Channeling light through a small aperture blocks stray and unfocused rays, thereby sharpening vision and extending the depth of field. A small aperture can also minimize the impact of corneal aberrations.
Several small-aperture strategies have been proposed to treat presbyopia. They include topical miotic drops, inlays, and implants designed for the sulcus and capsular bag. These strategies are in various stages of use and development, and they are associated with a variety of outcomes.

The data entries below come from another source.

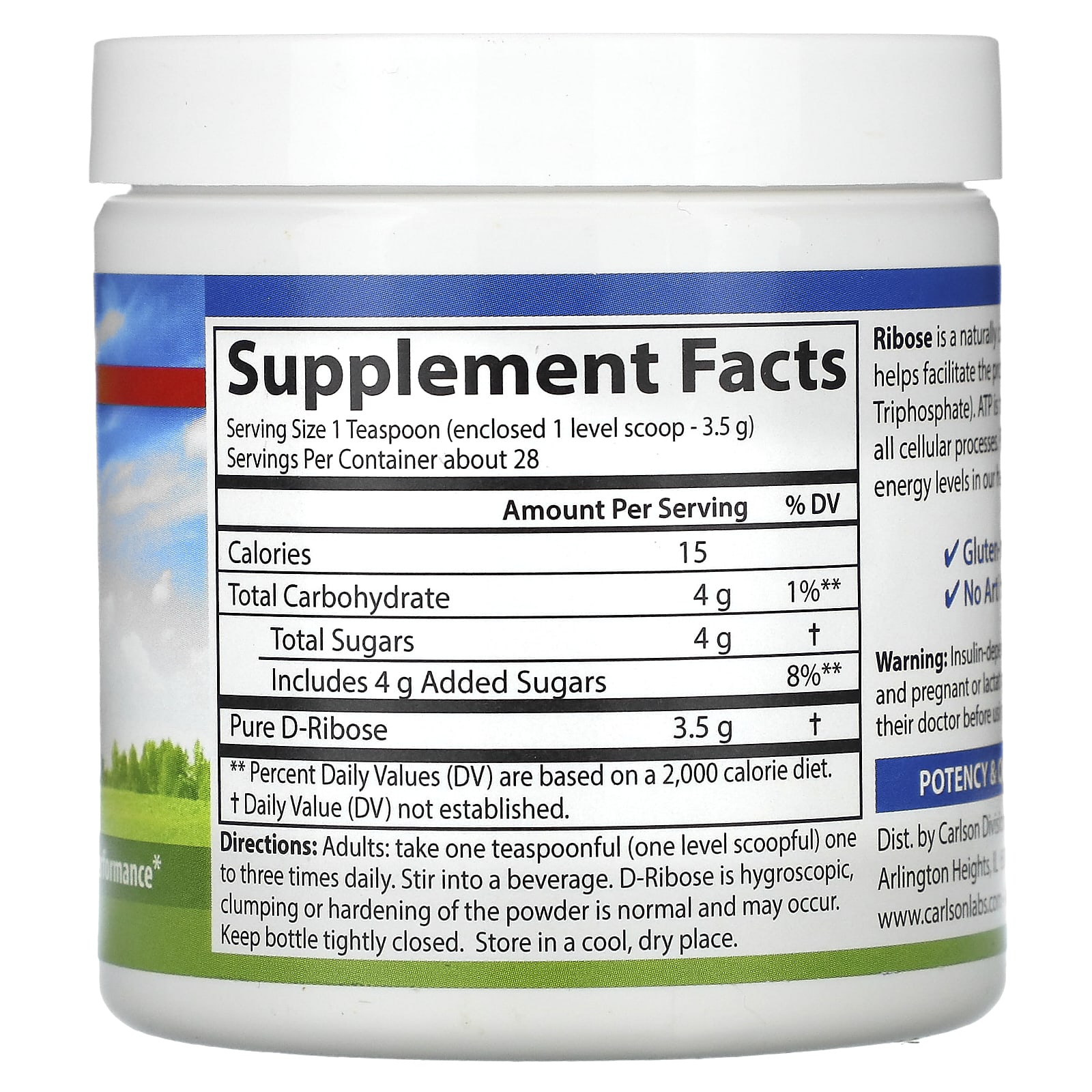 *Some information on the Carlson, Ribose, 3.53 oz (100 g)label may be missing, or it may have been written incorrectly. We work hard to keep the information accurate & up to date. Please let us know if you discover any errors.
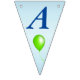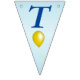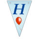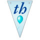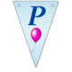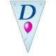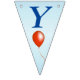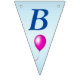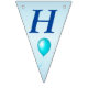 This flag shaped bunting Happy Birthday banner is light blue with dark blue letters with bright festive balloons in multiple colours of red, yellow, blue, pink and green.  Customise the birthday year with the templates.
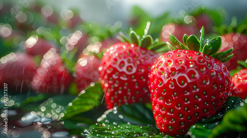 Close-up of a ripe strawberry in a field, bathed in warm sunlight
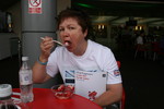 short queue and waited patiently to collect the tickets. As is her way she chatted up some Aussie and
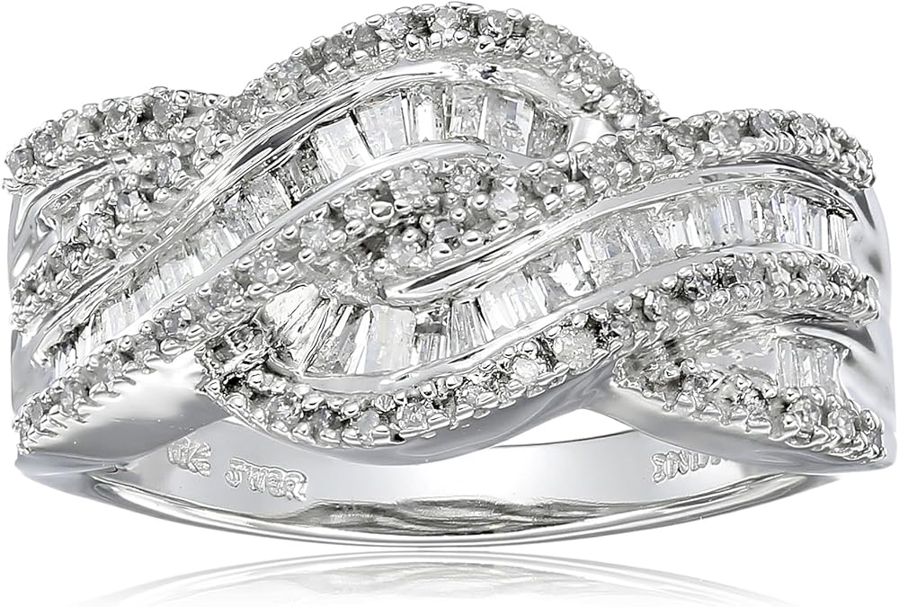Amazon Essentials 10k White Gold and Diamond Twist Ring (1/2 cttw, I-J Color, I3 Clarity)
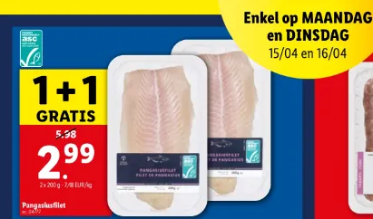 Maak je klaar om je smaakpapillen te verwennen bij Lidl op 15 en 16 april! Dus vergeet niet, alleen op deze data krijg je twee verpakkingen pangasius filet voor de prijs van één bij Lidl. Eet smakelijk!
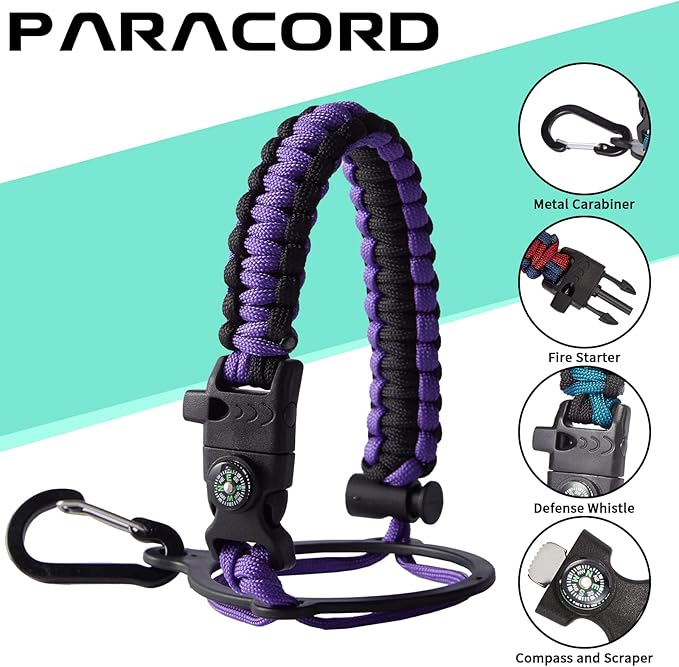 - UNIQUE PARACORD HANDLE: Bright color paracord matches the flask water bottle to give you a youthful vibe while adding a personal style. With a compass, safety loop, metal carabiner, flint, igniter and whistle to become your survival tool, making the 32 oz stainless steel water bottle with paracord an ideal survival kit for expeditions in the wild

Constricting drops. Several companies are exploring pharmacologic agents for pupillary constriction as a means of addressing presbyopia in emmetropic patients. The goal is to overcome the unwanted side effects of past strategies using miotic drops such as headache, nausea, and ciliary spasm.1,2 Although a noninvasive topical approach is attractive, daily administration could be unappealing to or difficult for patients. Any viable presbyopic drop formulation would have to be well-tolerated and long-lasting and have a rapid onset of action.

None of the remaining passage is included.